Let docs be near family
MY SON has just completed his internship at a government hospital in the Klang Valley.
Upon completion of his internship, much to our dismay, he received a directive from the Health Ministry to report to East Malaysia within 30 days to continue his service as a doctor.
Appeal letters by my son requesting to be posted nearer to home seems to have fallen on deaf ears. As an aged father and a taxpayer, I would naturally prefer to have my children around me in my twilight years.
I am upset with the ministry for posting my son to a state situated so far away and would require air travel merely for visits. I have just suffered a heart attack and my doctors have told me that I am unfit for constant air travel in my current condition.
Further inquiries revealed that a large percentage of young doctors who are newly qualified from the Klang Valley have been posted to Sabah and Sarawak. Their appeals sometimes even with valid reasons have also fallen on deaf ears.

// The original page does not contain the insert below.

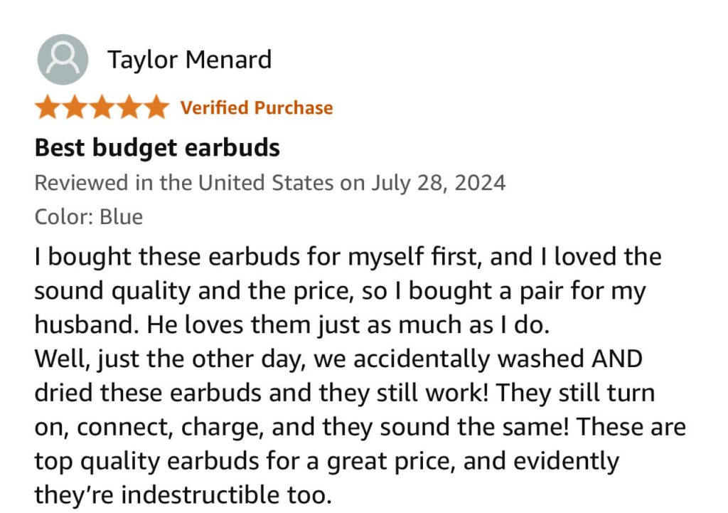 “I was amazed at how durable these Pro-Tech earbuds are.The magnetic cover is a great feature. It’s so easy to open and close without any hassle. Plus, the sound quality is fantastic. I’ve used them in the rain and during workouts, and they’re still going strong. Definitely worth the purchase!”

This trend worries me as these decisions often impact family dynamics and have implications far beyond merely moving one person away from his or her family.
While the ministry should be lauded for producing more capable young doctors and looking into the problem of shortages of doctors outside the Klang Valley, I believe these measures of sending all of our young newly qualified doctors out should be tempered with the realisation that these young people are someone’s husband, wife, son or daughter and they have duties beyond just serving their patients. I would like to appeal to the ministry to reconsider this strategy.
My son has worked hard as a junior doctor for the past two years with frequent lengthy night shifts, often with only a few hours of sleep or none at all.
The only thing these young doctors look forward to is being together with their family to have a meal during the weekends when they are off duty.
And the only way a family can get together on weekends is when they are working at least within the Klang Valley and are somewhere closer to home.
A move to send all these doctors to the two states for a further three to five years will render this impossible. I am sure other parents, whose sons or daughters are in a similar situation, feel the same way.
I also believe the choice of placement should be to some extent decided by our young doctors. A fair system of appeal should be in place where those with valid reasons should be given consideration. After all, it is also the duty of doctors to look after their aged parents, families and siblings too.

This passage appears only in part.